Your answer should hold only the lines from the start of the data below through the line with "关于今年会官方网站2023年", copied exactly, with pictures left out.
####
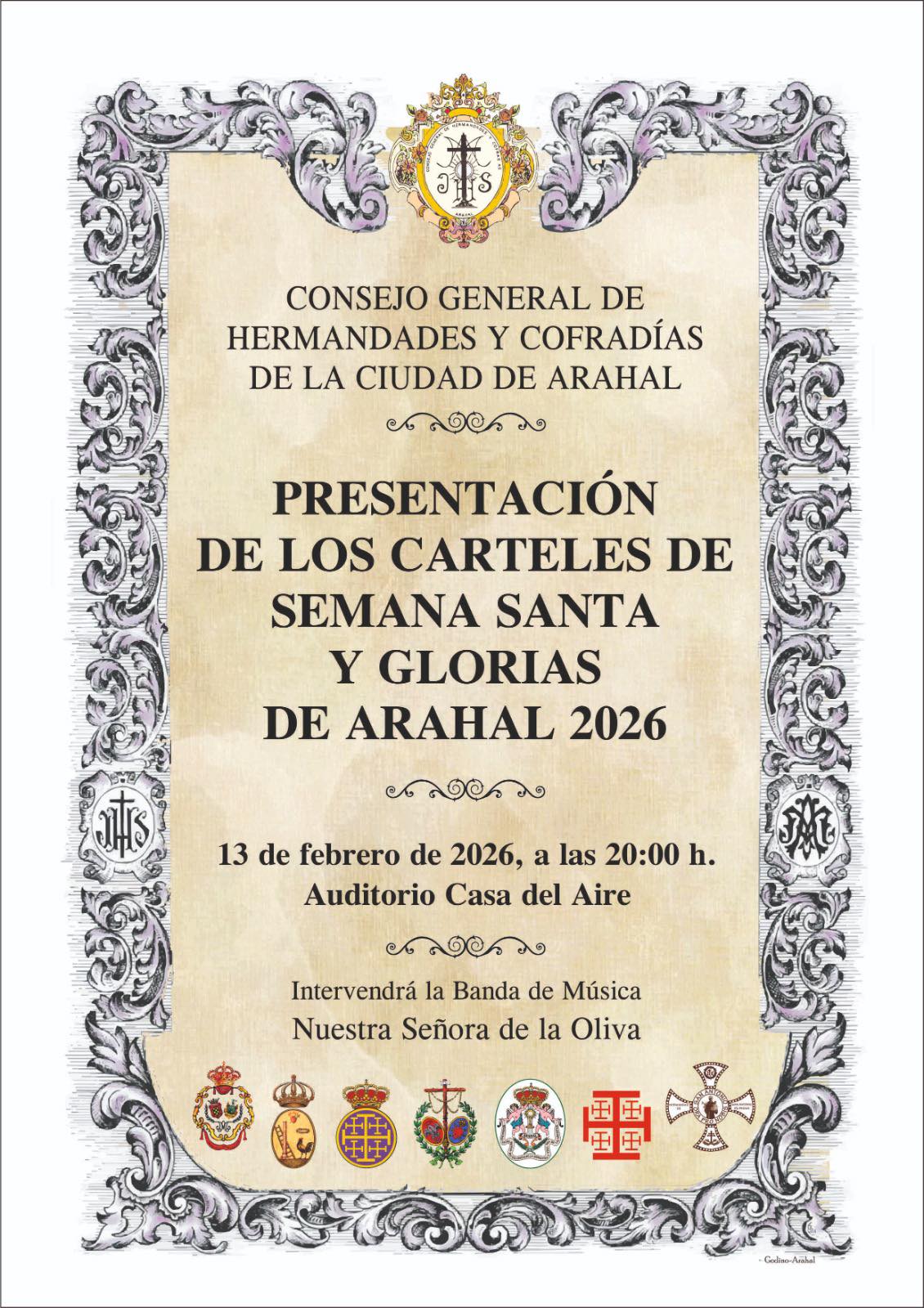 El próximo viernes 13 de febrero de 2026 a las 20:00 horas en el auditorio de la casa del aire presentamos los carteles de Semana Santa obra de D. José Antonio Galán Gutiérrez, y el cartel de las Glorias obra de D. Fernando Gallardo Humanes.
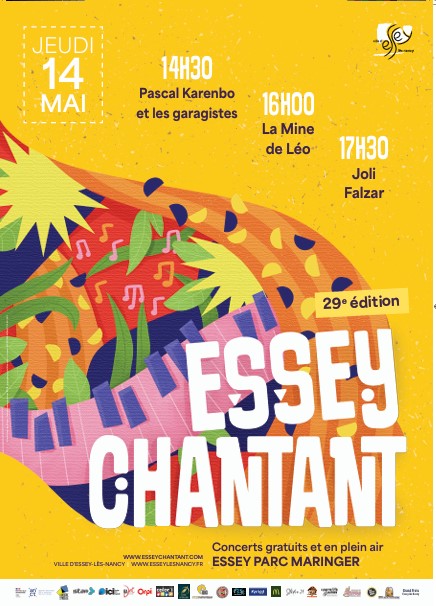 Pour sa 29ème édition, Essey chantant propose un programme de très belle qualité : dès 10h00 c'est la Trock à Zik, brocante musicale, à 14h30 début des concerts avec Pascal Karenbo et les garagistes, blues rock style Paul Personne, puis à 16h00 c'est La Mine de Léo avec la voix chaude de Léonore dans un univers joyeux et révolté et enfin à 17h30, place à la tête d'affiche Joli Falzar, chanson française cuivrée à l'accent espagnol. Durant les changements de plateau (15h30 et 17h00) la chorale de l'école de Mouzimpré proposera un mini récital.
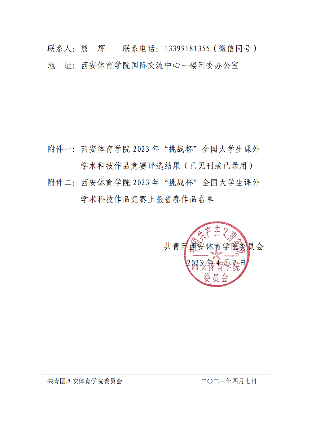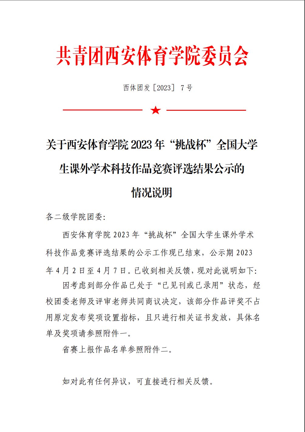 关于今年会官方网站2023年“挑战杯”全国大学生课外学术科技作品竞赛评选结果公示的情况说明.pdf
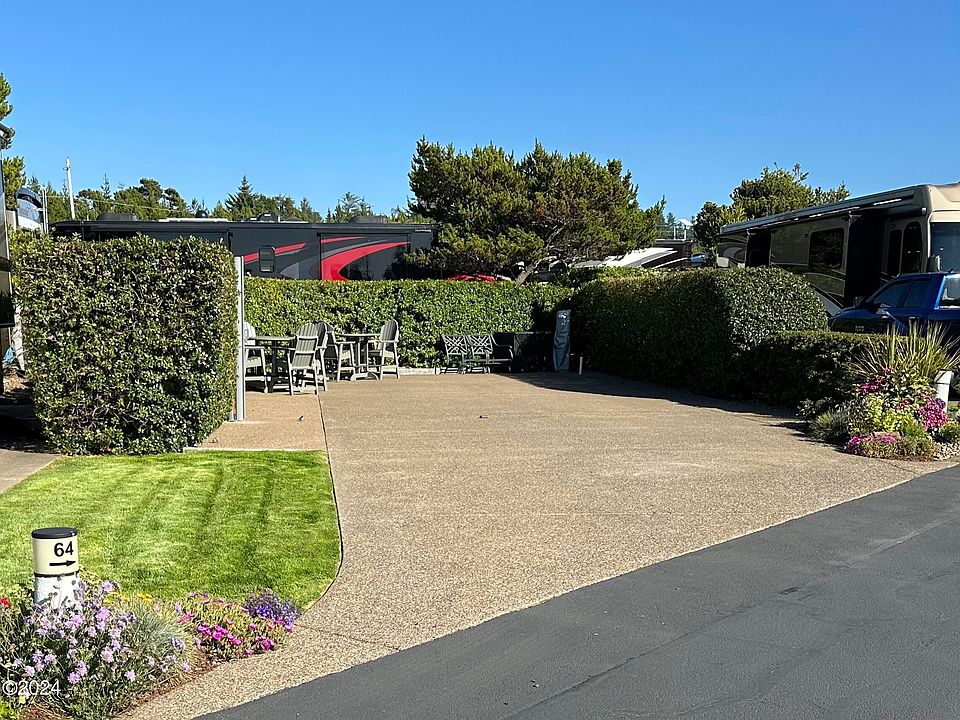 Beautiful back in lot; all around expanded pads; removable privacy fence also blocks the light wind; tall hedges; beautiful outdoor furnitures are included in the sale as is condition; seasonal ocean view. Pacific Shores Motorcoach Resort is located on a bluff overlooking the ocean and has a lighthouse view. Nature walking trails through the wood and access to an uncrowded beach. A large clubhouse and owner's only lounge, gym and kitchen. Indoor/outdoor pools and spas and hot sauna.
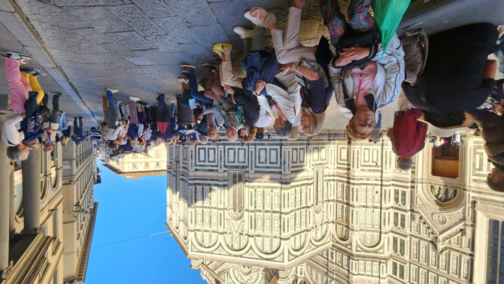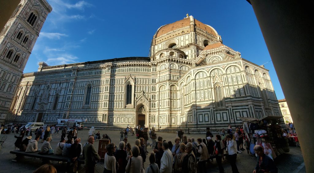 Puis on passe devant la Loggia de Lanzi, la piazza della Signoria et enfin le Dôme dont on admire le Campanile de Giotto et la coupole de Brunelleschi.
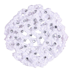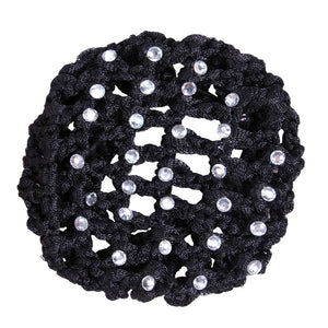 Large mesh hair net with many silver rhinestones. Available in many colours.
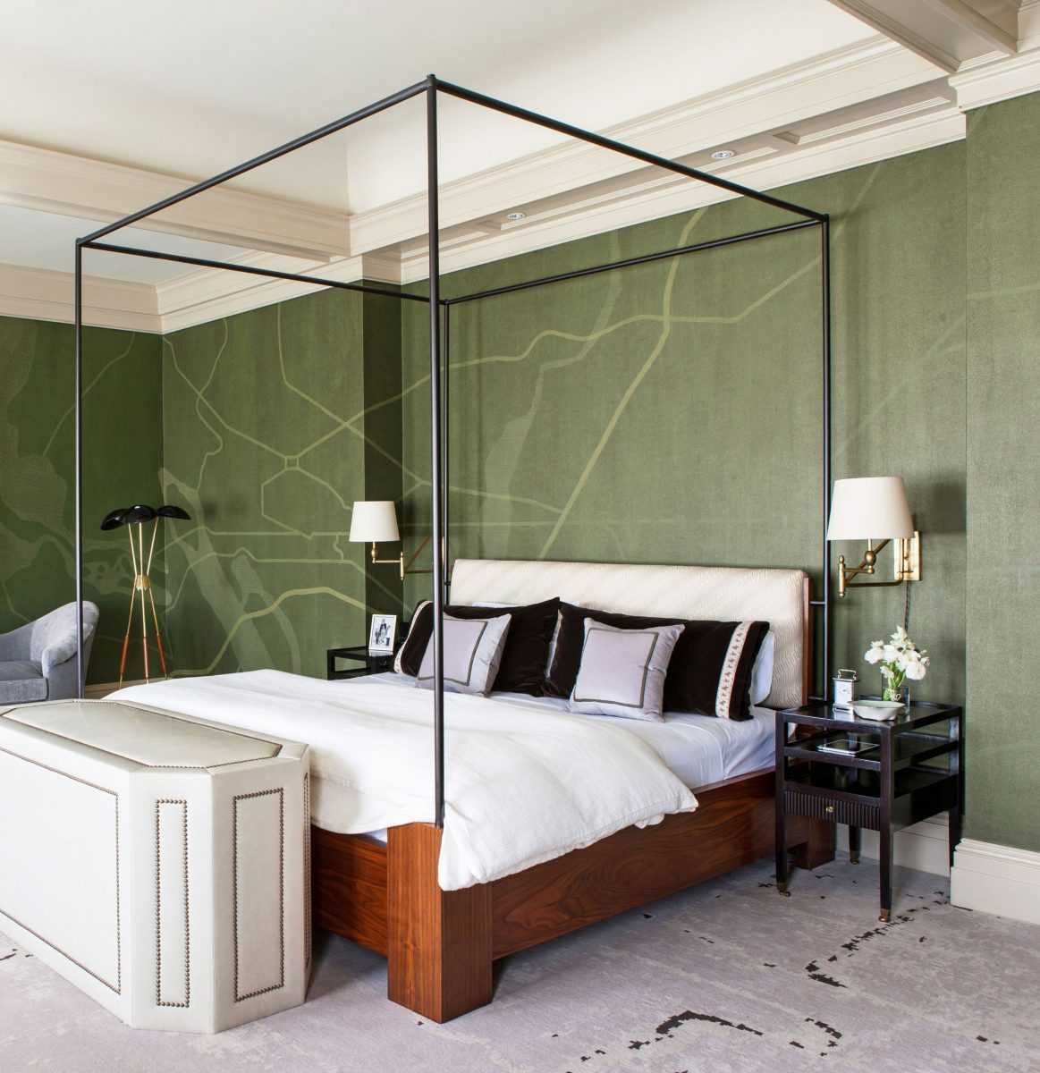 Зелений. Інтер’єр спальні оранжевого кольору гармонійно доповнюється теплими тонами молодої трави і зелені листя. Разом вони створюють радісну атмосферу і особливо підходять для оформлення спалень в екологічних інтер’єрних стилях.
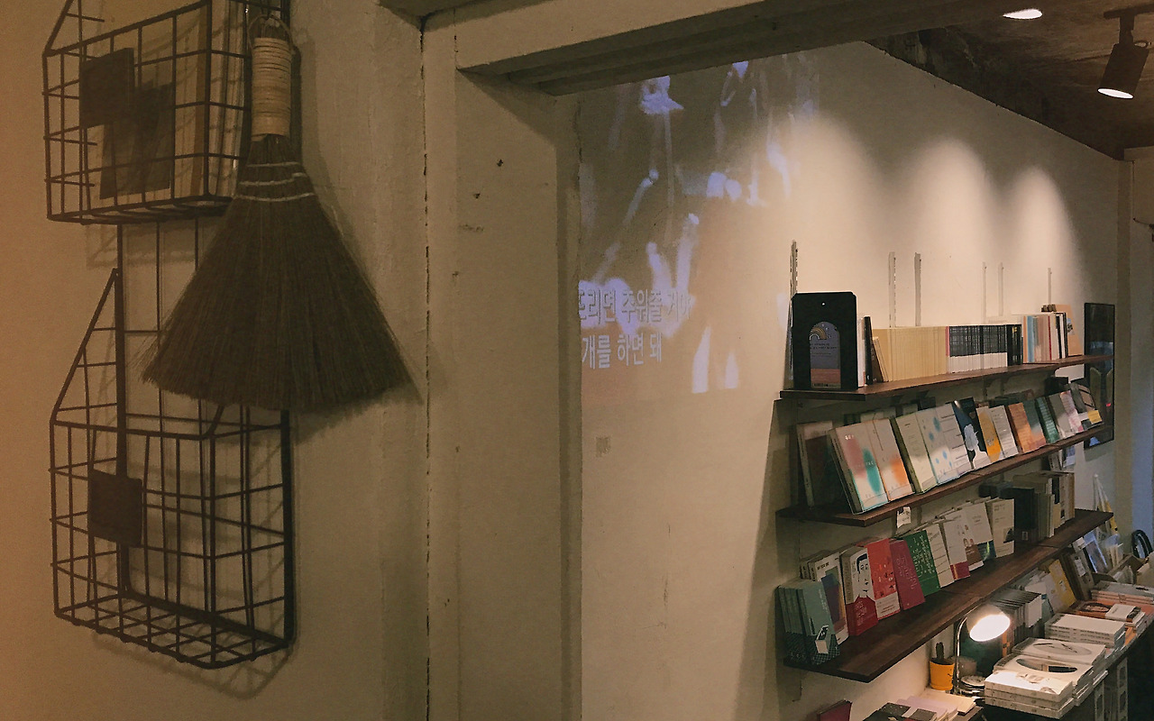 오늘은 고독한 책을 한 권 사면 좋겠다고 중얼거리며 왔어. 주신 보리차가 천천히 식어가는 동안 꽤 오래 책방 구석구석을 뒤진 것 같아. 이 책 저책 뒤적이다가 책 소개가 적힌 메모들을 하나씩 읽어보기도 하고, 사람들이 돌아가면서 책을 필사하고 있는 노트에 나도 한 줄 거들었지. 이런 작은 책방은 주인장의 취향이 빽빽하게 들어차 있으니까 책의 진열 방식이나 조용히 깔리는 BGM만 유심히 들여다봐도 시간 가는 줄 모르게 돼.
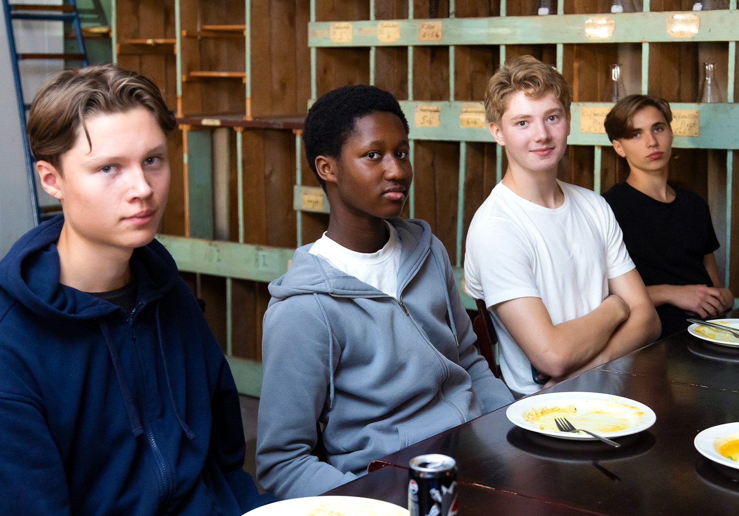 Därefter delades eleverna upp i sina nya klasser och följde med mentorerna till klassrummen. Under dagen fick de möjlighet att lära känna varandra genom olika aktiviteter och fick ännu mer information om skolan. De åt också terminens första lunch och fick bekanta sig med skolans matsal som ligger i den tidigare järnhandeln. Där serverades det hemlagad och delikat mat. Flera passade också på att besöka Ångbåtsbron, där det utöver fika med mera också erbjuds frukost varje morgon i skolans café.
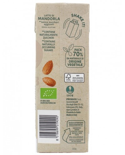 Latte di mandorla senza zuccheri e senza glutine 1lt Probios
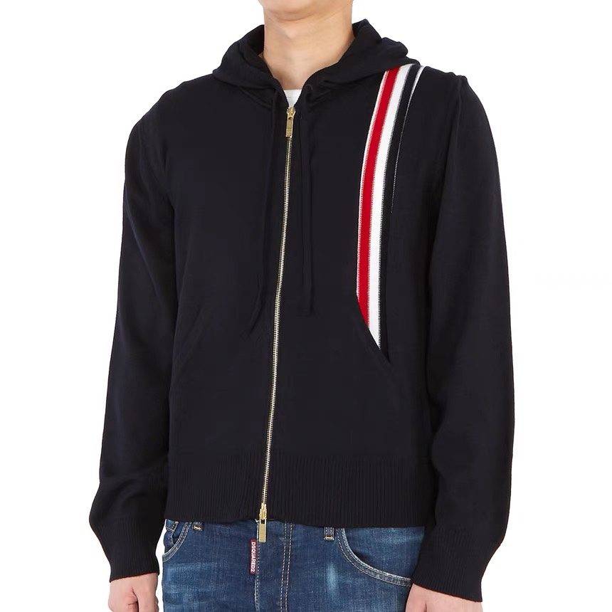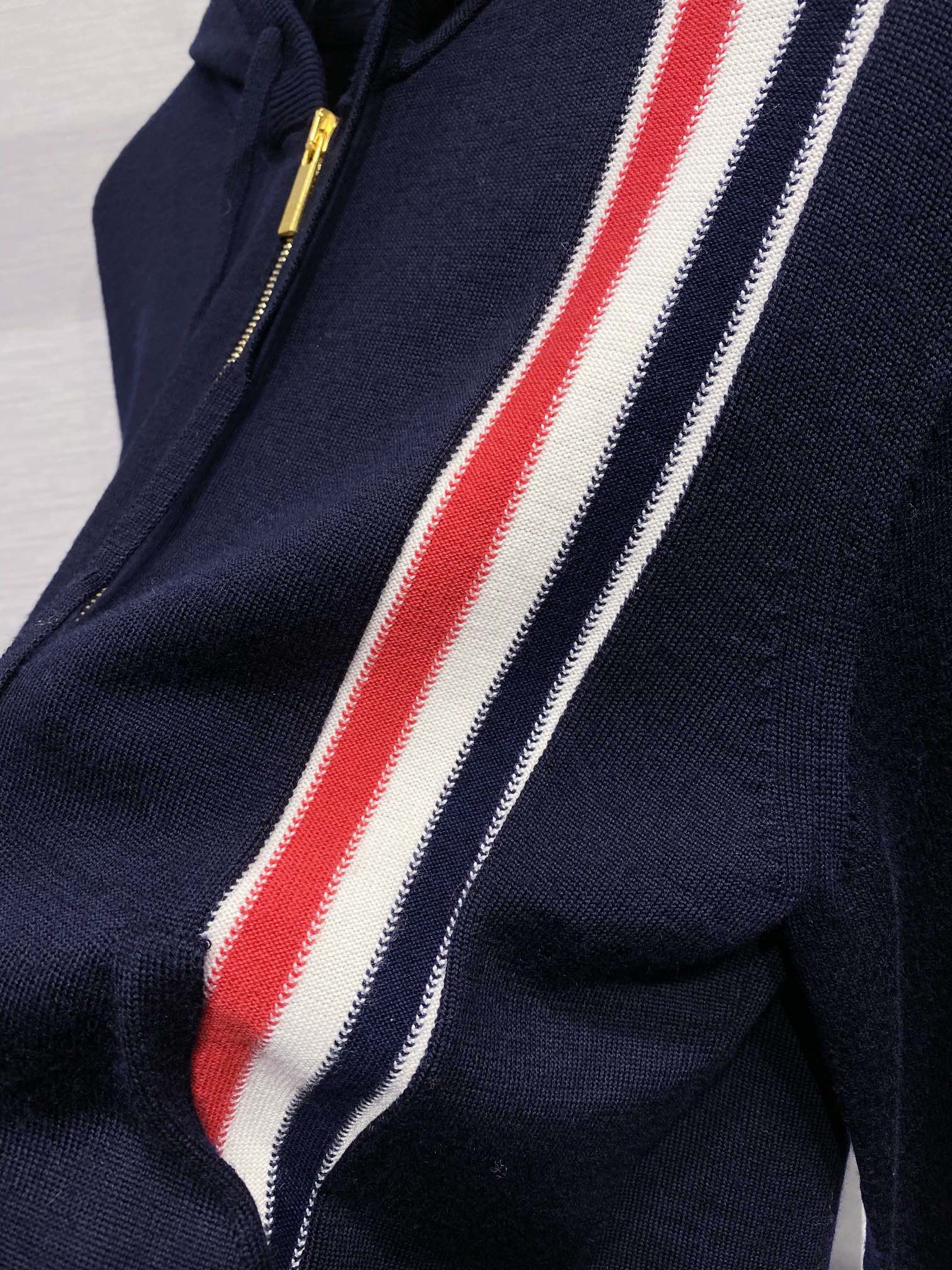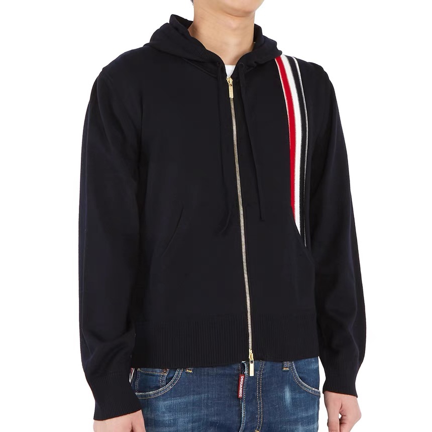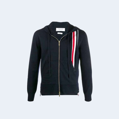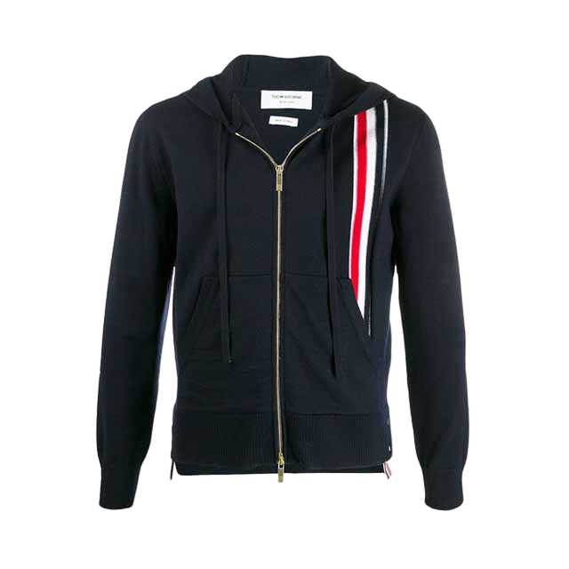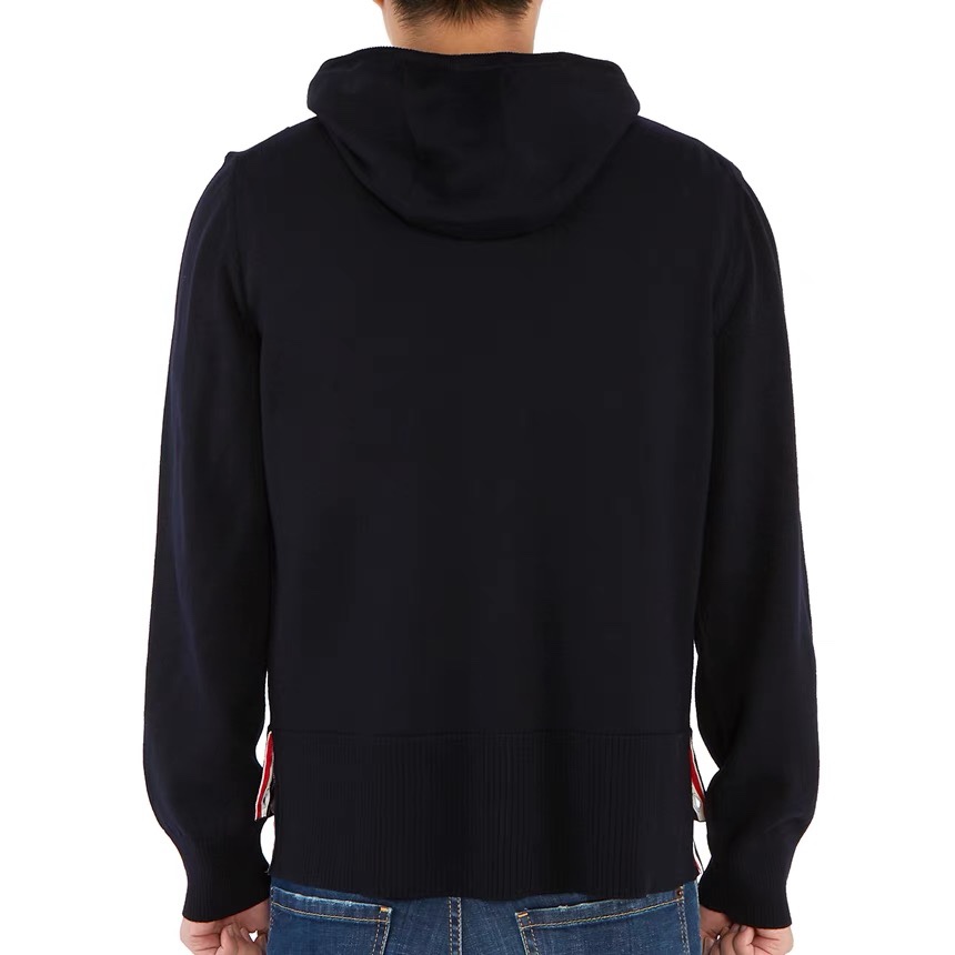톰브라운 스트라이프 메리노 울 후드 딥블루
####
OUTPUT:
 El próximo viernes 13 de febrero de 2026 a las 20:00 horas en el auditorio de la casa del aire presentamos los carteles de Semana Santa obra de D. José Antonio Galán Gutiérrez, y el cartel de las Glorias obra de D. Fernando Gallardo Humanes.
 Pour sa 29ème édition, Essey chantant propose un programme de très belle qualité : dès 10h00 c'est la Trock à Zik, brocante musicale, à 14h30 début des concerts avec Pascal Karenbo et les garagistes, blues rock style Paul Personne, puis à 16h00 c'est La Mine de Léo avec la voix chaude de Léonore dans un univers joyeux et révolté et enfin à 17h30, place à la tête d'affiche Joli Falzar, chanson française cuivrée à l'accent espagnol. Durant les changements de plateau (15h30 et 17h00) la chorale de l'école de Mouzimpré proposera un mini récital.
 关于今年会官方网站2023年“挑战杯”全国大学生课外学术科技作品竞赛评选结果公示的情况说明.pdf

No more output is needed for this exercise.